Using the ITO-NPs, we fabricated ITO target. In Fig. 4a, 2-in. sized ITO target was well fabricated, and its microstructure was highly dense as shown in Fig. 4b. In fact, sintered density of the ITO target was measured to be 7.126 g/cm³. Considering that theoretical density of ITO is 7.155 g/cm³, we calculated as follows; (7.127/7.155) × 100 = 99.61%. That is, we got an ITO target with density of 99.6%. The value is very high enough to commercialization. It is attributed to using the ITO-NPs of which size was 103.8 nm, as mentioned earlier. In fact, we experienced that relatively lower value of density (87.9%) was obtained when smaller sized (21 nm) ITO-NPs was used to make a target. In contrary, target density was improved to 96% when we used larger sized (103.8 nm) ITO-NPs.
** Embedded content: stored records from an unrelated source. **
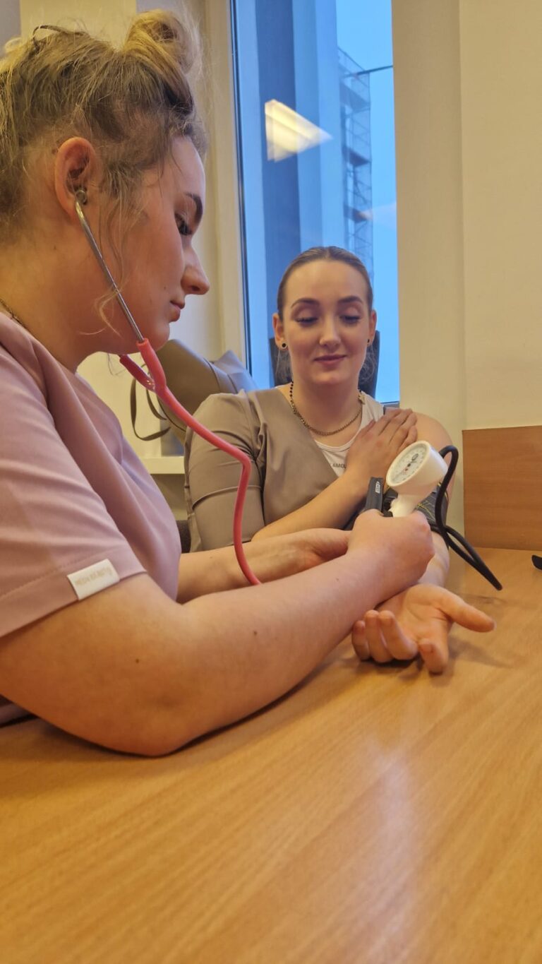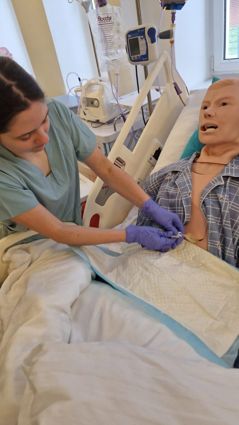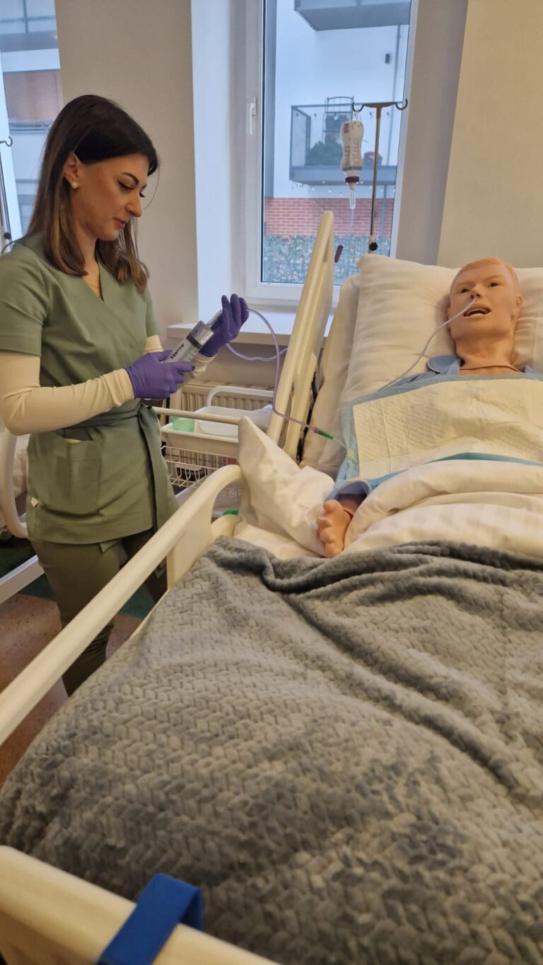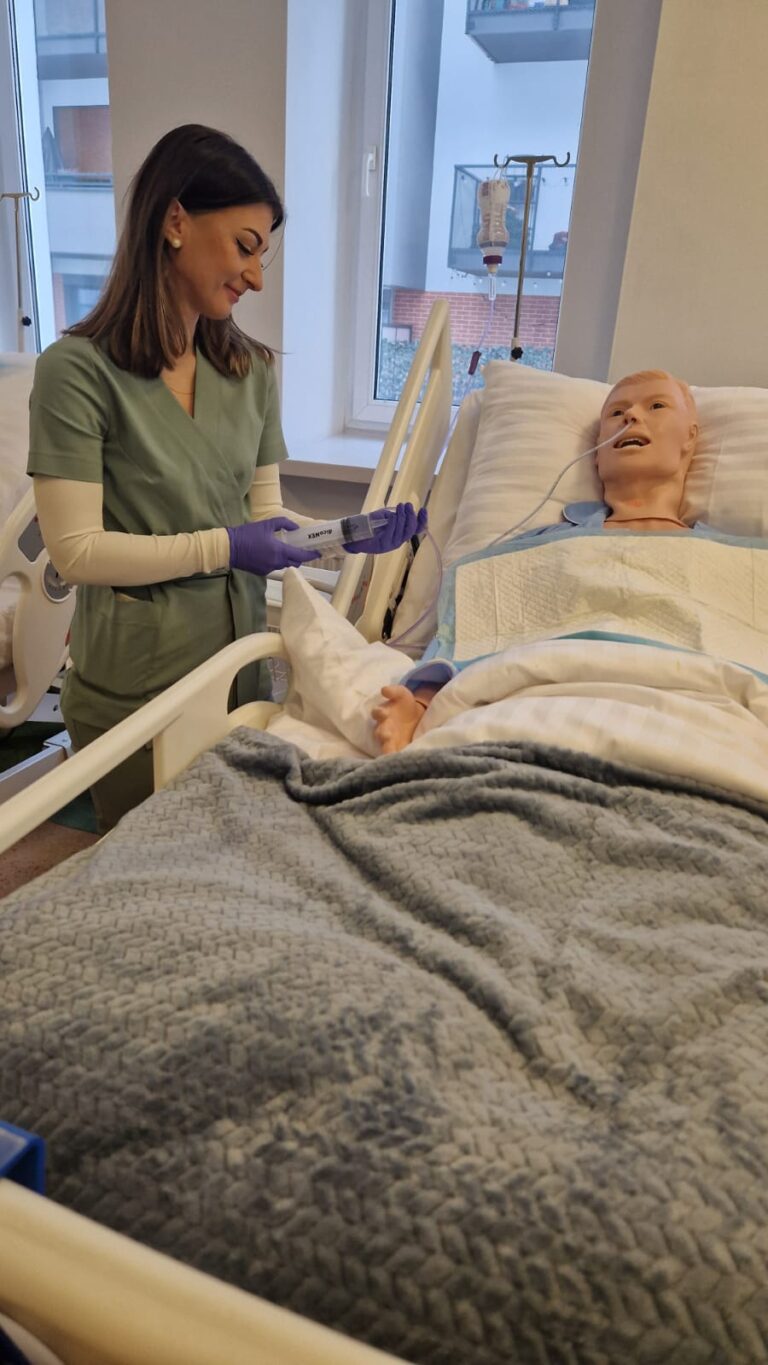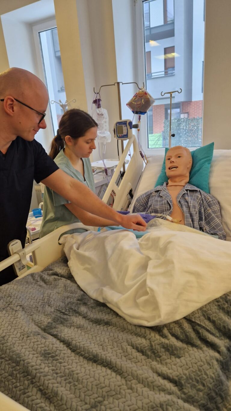 Studenci pielęgniarstwa🩺 wrócili do swoich zajęć z ogromnym zapałem💪 Na trzecim roku studiów I stopnia zgłębiali praktyczne aspekty terapii w obrębie układu oddechowego. Natomiast studenci pierwszego roku praktykowali m.in. procedury związane z żywieniem drogą enteralną, dokonywali pomiarów parametrów życiowych oraz realizowali rutynowe czynności pielęgnacyjne😲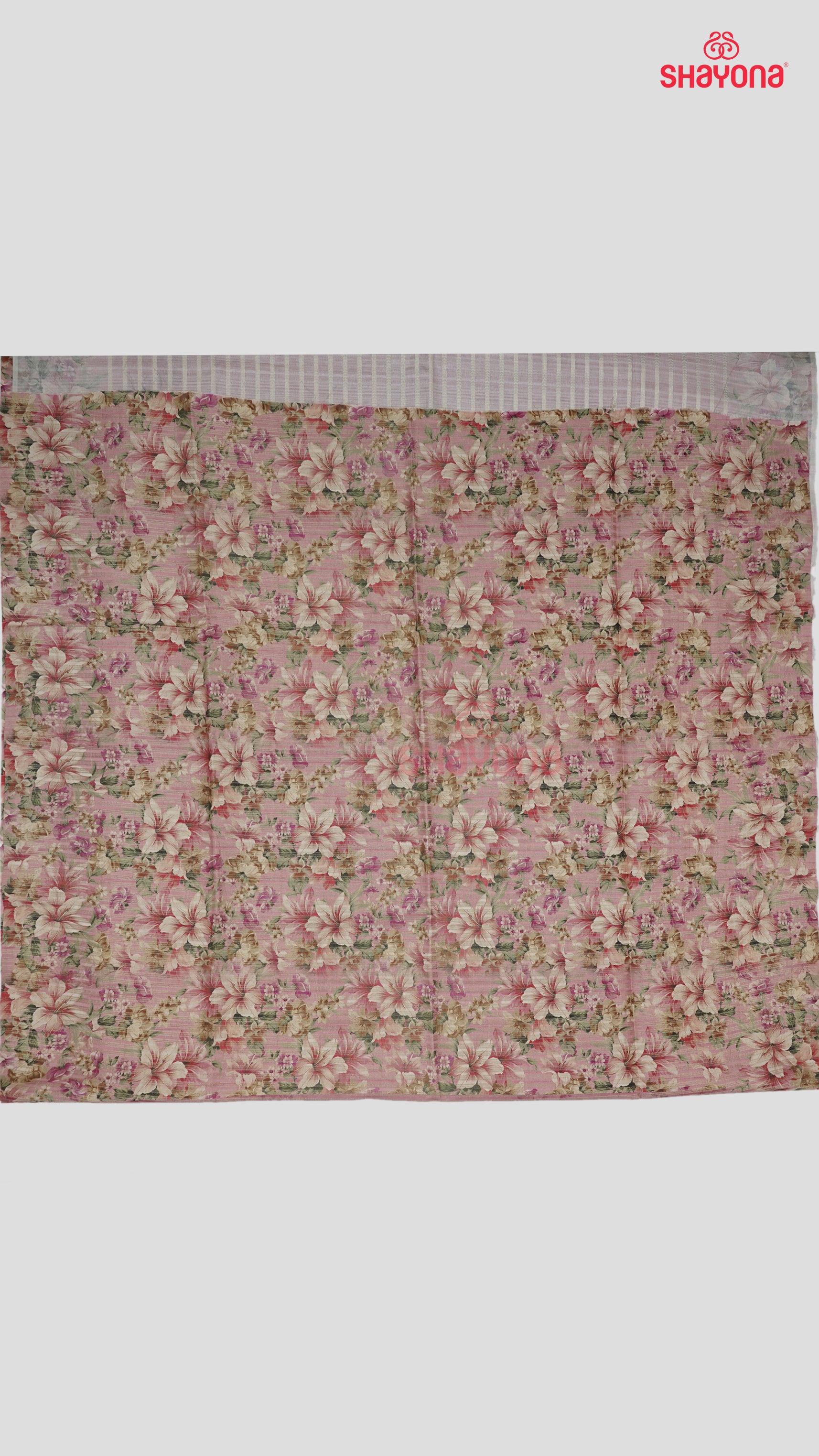 Pink Tussa Based Cotton Saree with Multicoloured Floral Jaal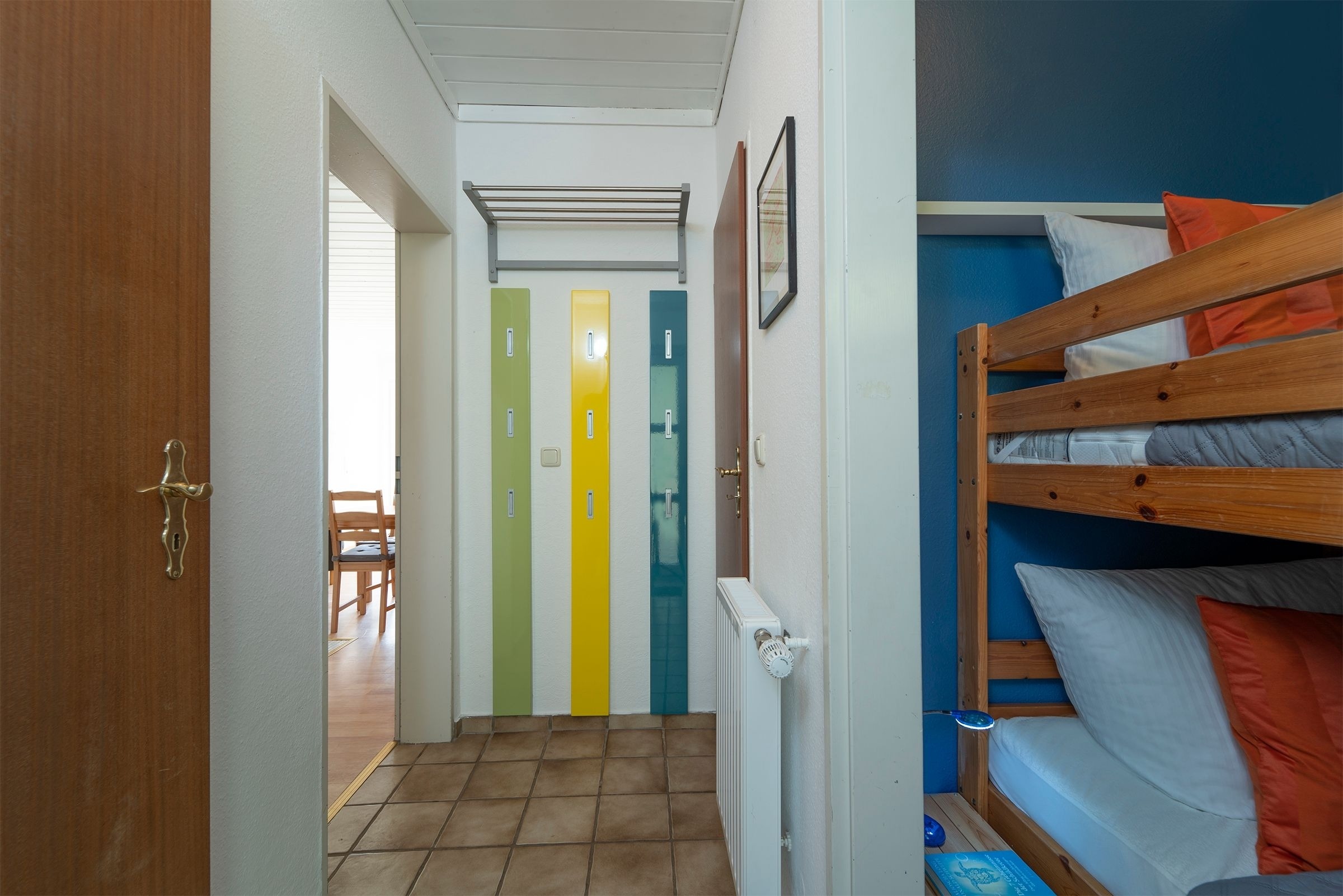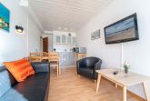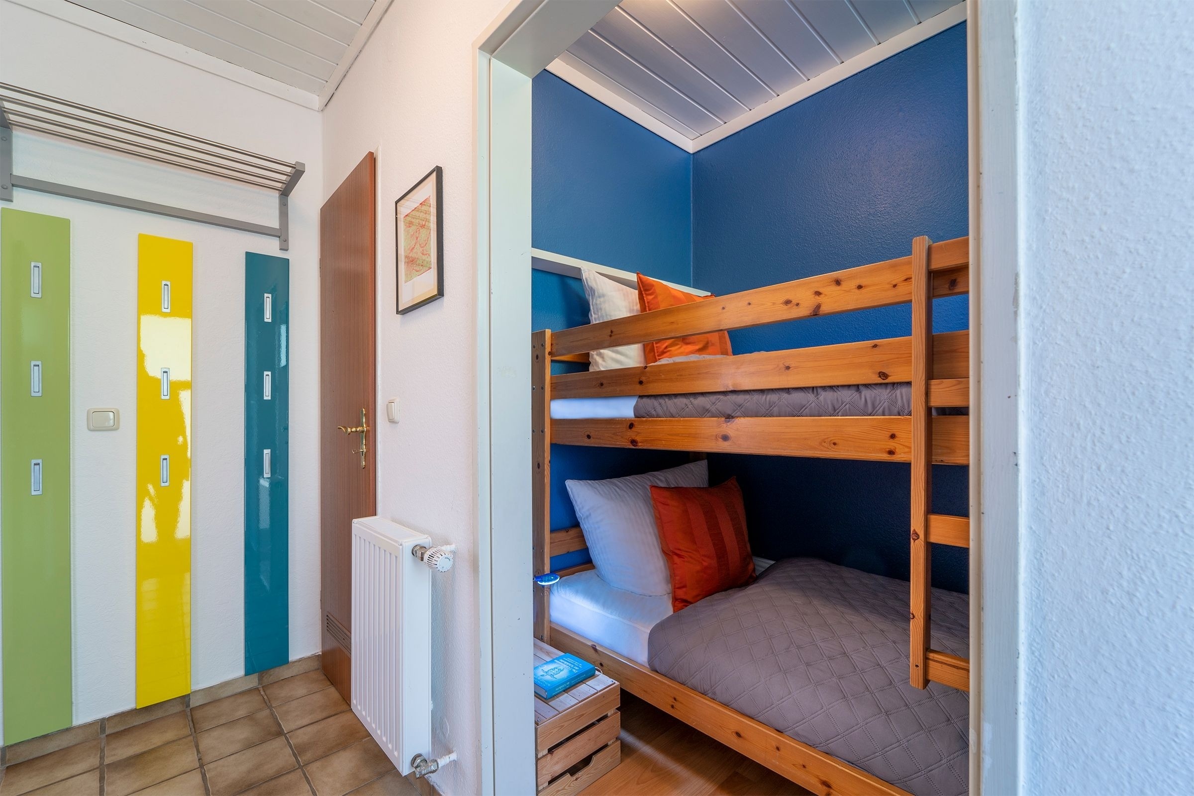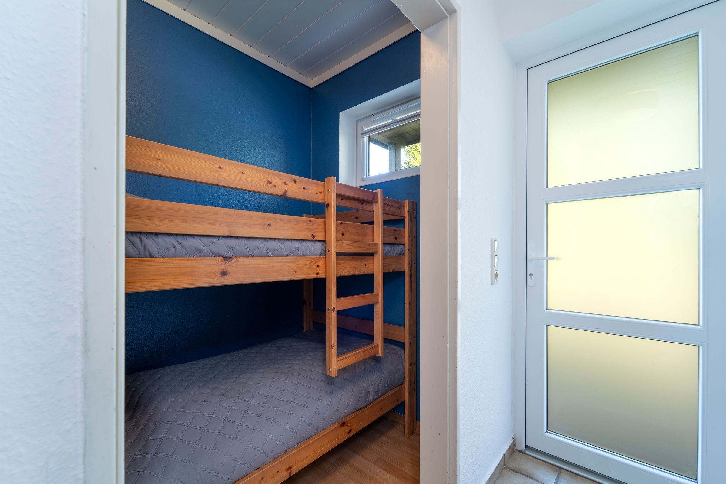 Dieses Feriendomizil verfügt über ein separates Schlafzimmer mit Doppelbett (160x200 cm, durchgehender Topper), ein Wohnzimmer mit offener Küche (ausgestattet mit Herd, Kombigerät (Backofen und Mikrowelle in Einem), Kühlschrank mit Gefrierfach etc.) und Zugang zur Terrasse mit anliegendem Garten zur Gemeinschaftsnutzung. Eine gemütliche Schlafnische mit Etagenbett (je 90x200 cm) sorgt für weitere Schlafmöglichkeiten.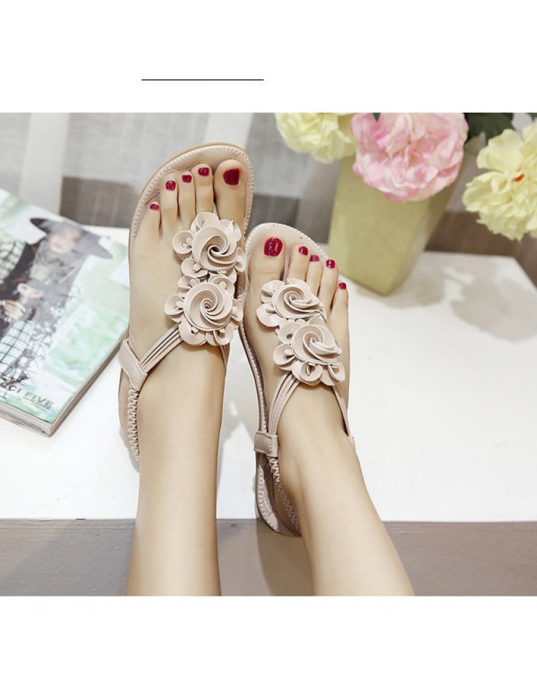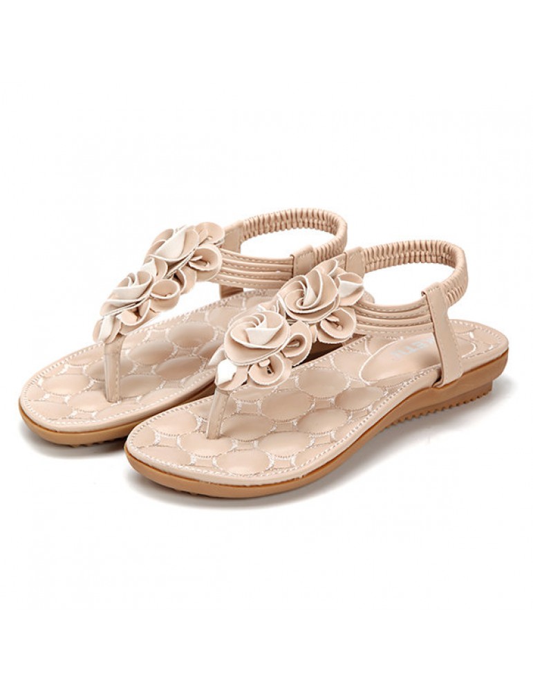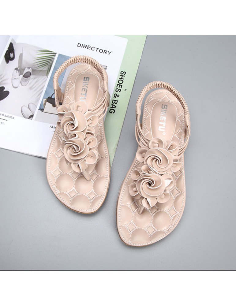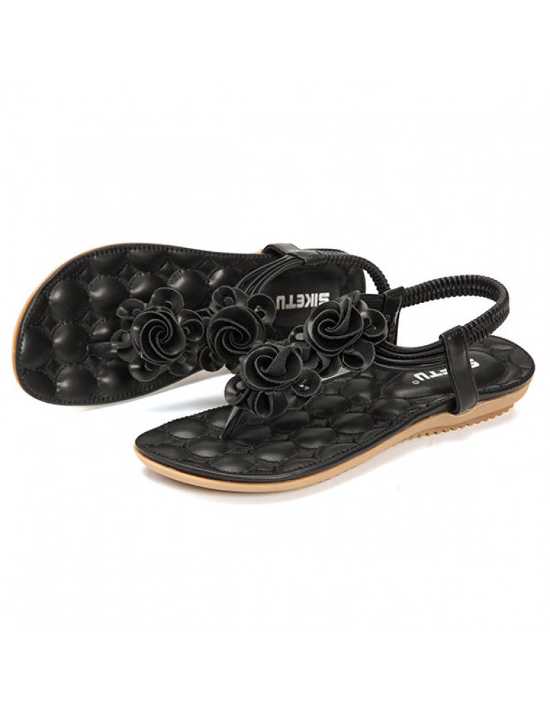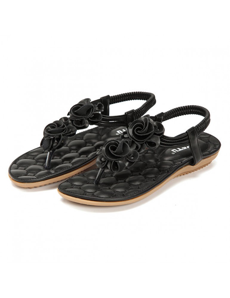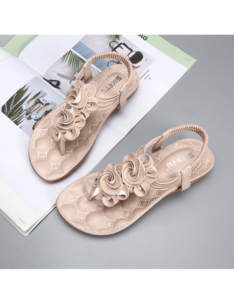 Flower Bohemia Clip Toe Elastic Flat Sandals For Women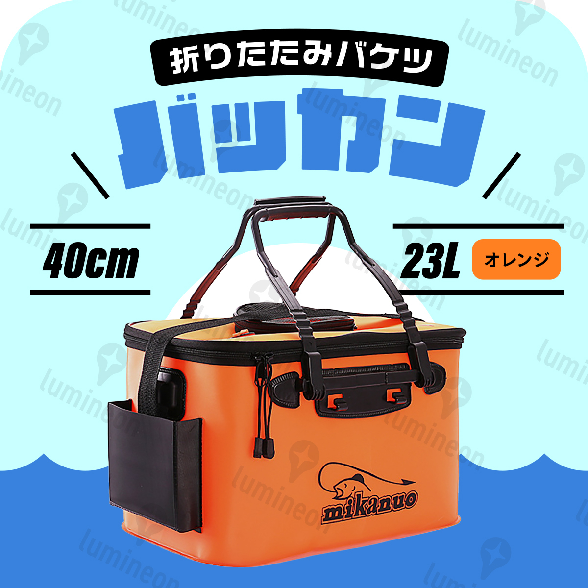 > バッカン 40cm 折りたたみ 釣り バケツ フタ付き 水汲みバケツ 肩掛け ショルダー 小さい 袋 ホルダー 魚 バケツ 大容量 メッシュ g040bc 3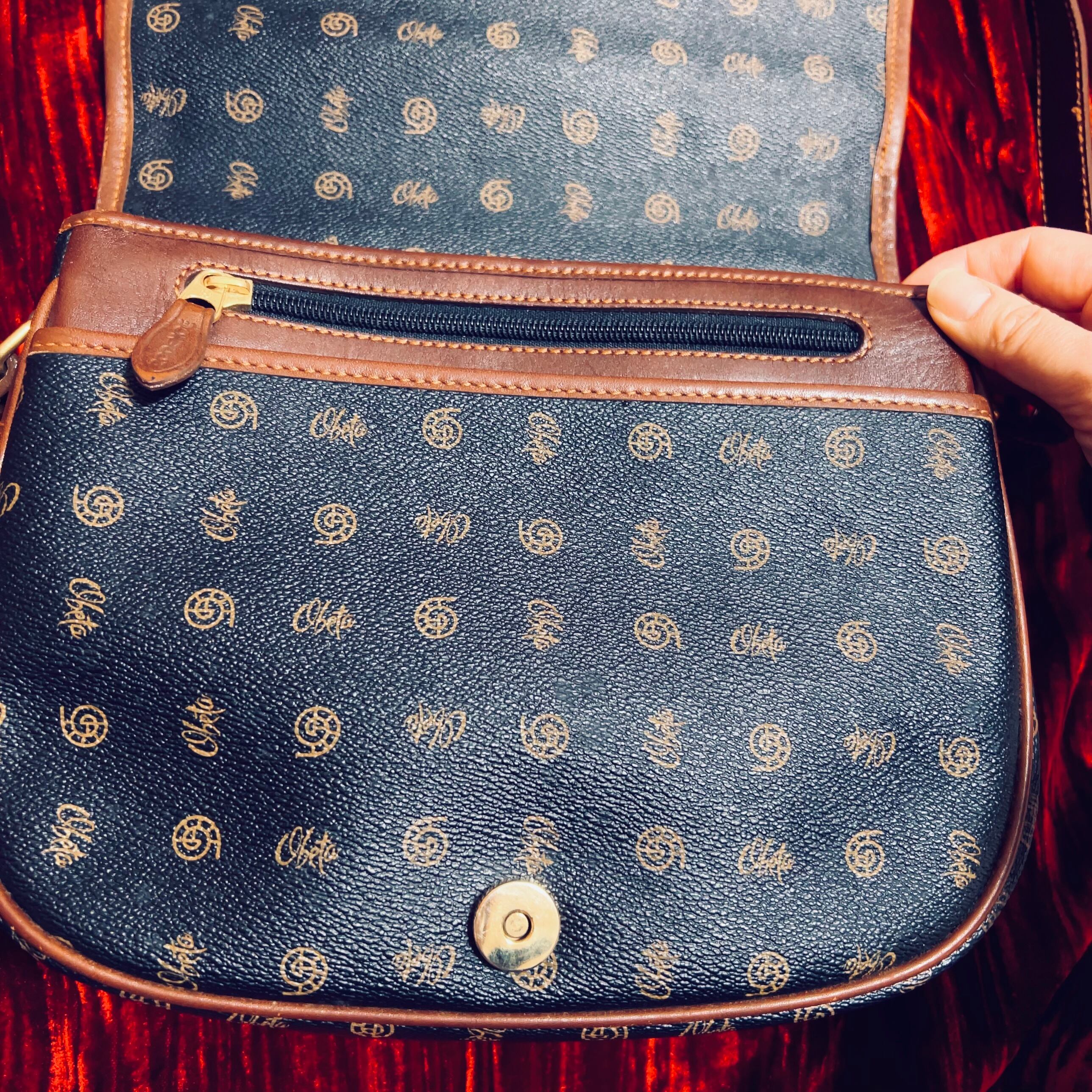 縁やフラップ、ベルト部分はレザーです。しっかりとしたボディ、内外合わせて4つのポケットがついて収納力は抜群です。クラシカルな装いに欠かせないデザイン。

Then, using the 103.8 nm sized ITO-NPs, we achieved ITO target of which density is 99.6% by optimizing the sintering conditions. It is reported that [16] the driving force of sintering leads to the reduction of total surface energy in system. Solid sintering can be divided into three stages initial-stage sintering, mid-stage sintering and final-stage sintering. The interfaces, namely “necks”, are formed among raw powders in the initial-stage sintering. Grain growth and pore connection occur simultaneously in the middle-stage sintering. In final-stage sintering, the pores become isolated while grain boundaries are linked each other and grains grow rapidly, so that the densification rate decreases evidently.” From the behavior, it is supposed that larger sized ITO particles reduce pore size by decreasing ITO grain growth rate leading to improvement of generation and isolation of pores. Thus, it is supposed that target density was enhanced by using larger-sized ITO-NPs.

The microstructures of ITO layers coated by using sputtering method are shown in Fig. 5a–d, respectively. Thickness of the ITO layers were 130, 180, 250, and 350 nm, respectively. It was observed that grain was grown when the thickness was raised. In Fig. 6a, their sheet resistances were 266.5, 114.1, 47.1, and 29.5 Ω/sq. respectively. The sheet resistance decreased as the film thickness increased. It is owing to thickness dependence of metallic layer [17]. The sheet resistance is determined using the simple equation;

$$ {\text{R}}_{\text{s}} = \uprho / {\text{t}} $$

(4)

where R_s, ρ, and t are sheet resistance, resistivity, and thickness, respectively. From the Eq. (4), assuming that the resistivity is constant, the sheet resistance is reversely proportional to film thickness. Whereas, in Fig. 6b, their optical transmittances at 550 nm (T₅₅₀) were 82.9, 83.9, 81.3, and 82.3%, respectively. It is attributed to clearly coated layer from highly densified ITO target. Those T₅₅₀ values are lower than that of commercial TCEs. We suggest that it is attributed to amorphous structured TCE layer just after deposition without heat-treatment. Thus, further work is to improve optical and electrical properties by enhancing physical properties of ITO film by, for example, optimizing heat-treatment conditions (temperature, environments), etc. Although further works are being done to improve ITO layers, ITO-NPs reused from ITO target scraps is feasible to apply to make sputtering target for TCEs.

In this study, ITO-NPs were reused from redundant ITO target scraps to synthesize low cost ITO-NPs and to apply to make sputtering target for TCEs. By controlling heat-treatment temperature as 980 °C, we achieved reused ITO-NPs having BET SSA and average particle size 8.05 m²/g and 103.8 nm, respectively. The BET SSA decreases with raised heat-treatment temperature. The ITO-NPs were grown to round mound shape, and highly crystallized to (222) preferred orientations. Also, applying the reused ITO-NPs, ITO target, of which high density of 99.6%, was achieved. Using the ITO target, we achieved high quality TCE layer having sheet resistance and optical transmittance at 550 nm of 29.5 Ω/sq. and 82.3%. Thus, it was confirmed that the reused ITO-NPs was feasible to sputtering target for TCEs layer.